GIVEN DATA:
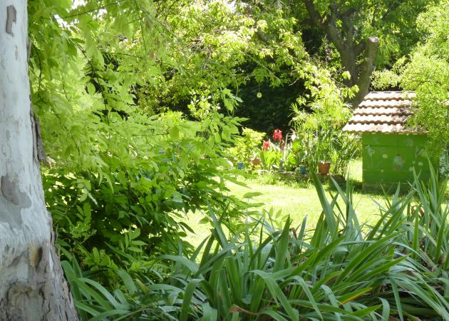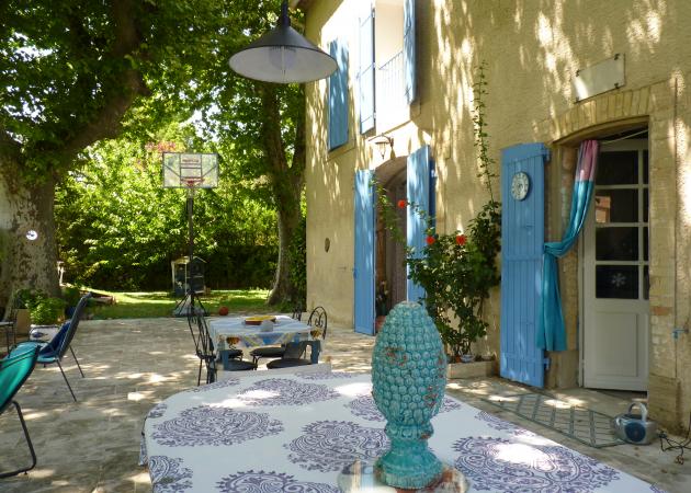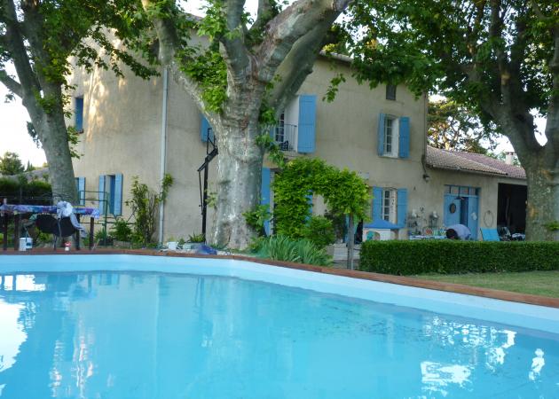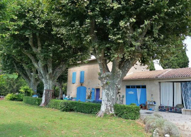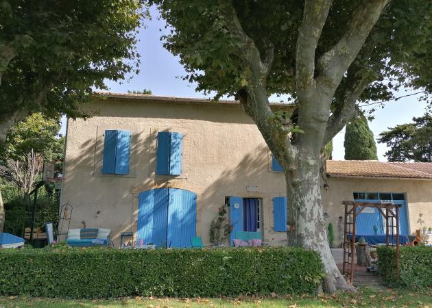 Mas ancien restauré, grand jardin ombragé, platanes bicentenaires terrasse, calme. Voie verte (chemin des canaux) pour se rendre à pied ou en vélo au centre ville (8 mins) ou bus réguliers. Toutes commodités : banque, médecin, pharmacie, poste et commerces de proximité.
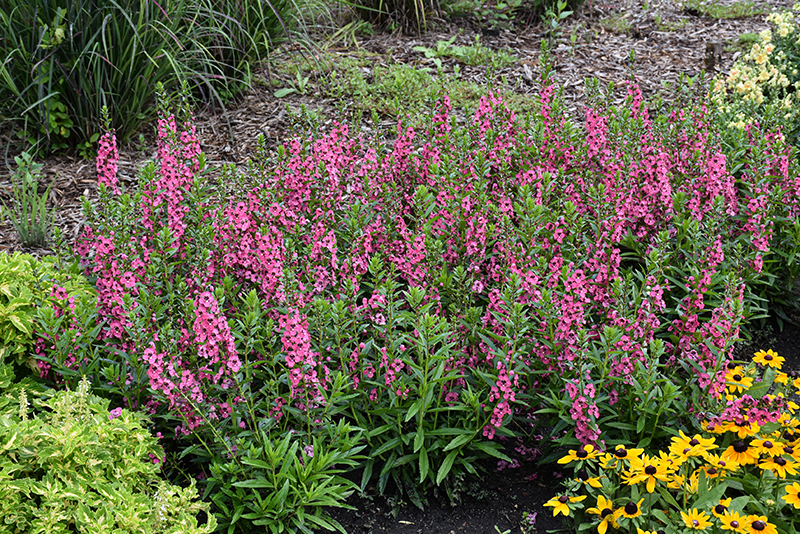 Angelface® Perfectly Pink Angelonia has masses of beautiful spikes of rose pea-like flowers with deep purple eyes rising above the foliage from late spring to early fall, which are most effective when planted in groupings. The flowers are excellent for cutting. Its small fragrant narrow leaves remain green in color throughout the year.
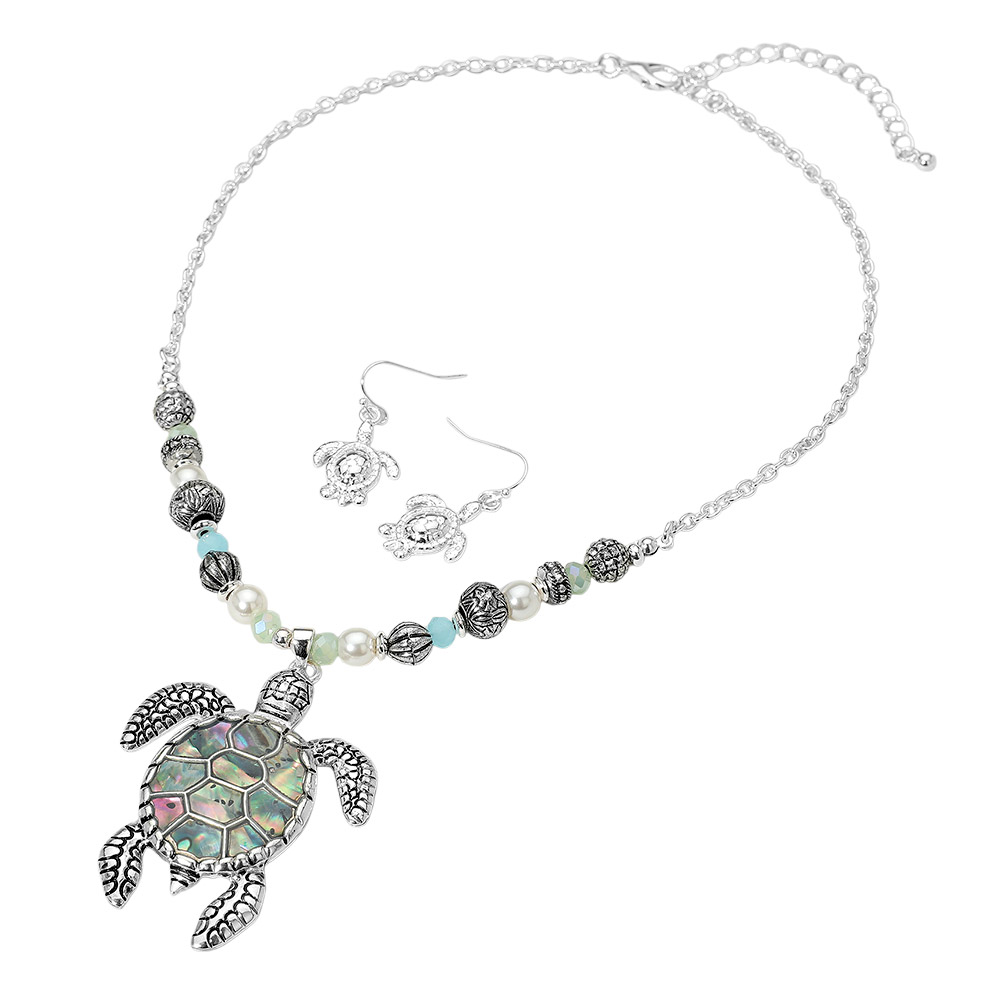 Details • Necklace Size : 17" + 3" L • Decor Size : 0.3" L • Pendant Size : 1.8" X 2.6" • Earrings Size : 1.25" L • Charming jewelry set featuring a turtle pendant necklace and matching earrings with decorative beads. A fun, beachy accessory ideal for casual wear or adding a playful touch to your everyday style. • Lead and Nickel Compliant

TASK DETAILS:
Could you return, word for word, every line from the line with "Angelface® Perfectly Pink" through the last line of the listing above, both ends included, without any pictures?

SOLUTION TO THE EXERCISE:
 Angelface® Perfectly Pink Angelonia has masses of beautiful spikes of rose pea-like flowers with deep purple eyes rising above the foliage from late spring to early fall, which are most effective when planted in groupings. The flowers are excellent for cutting. Its small fragrant narrow leaves remain green in color throughout the year.
 Details • Necklace Size : 17" + 3" L • Decor Size : 0.3" L • Pendant Size : 1.8" X 2.6" • Earrings Size : 1.25" L • Charming jewelry set featuring a turtle pendant necklace and matching earrings with decorative beads. A fun, beachy accessory ideal for casual wear or adding a playful touch to your everyday style. • Lead and Nickel Compliant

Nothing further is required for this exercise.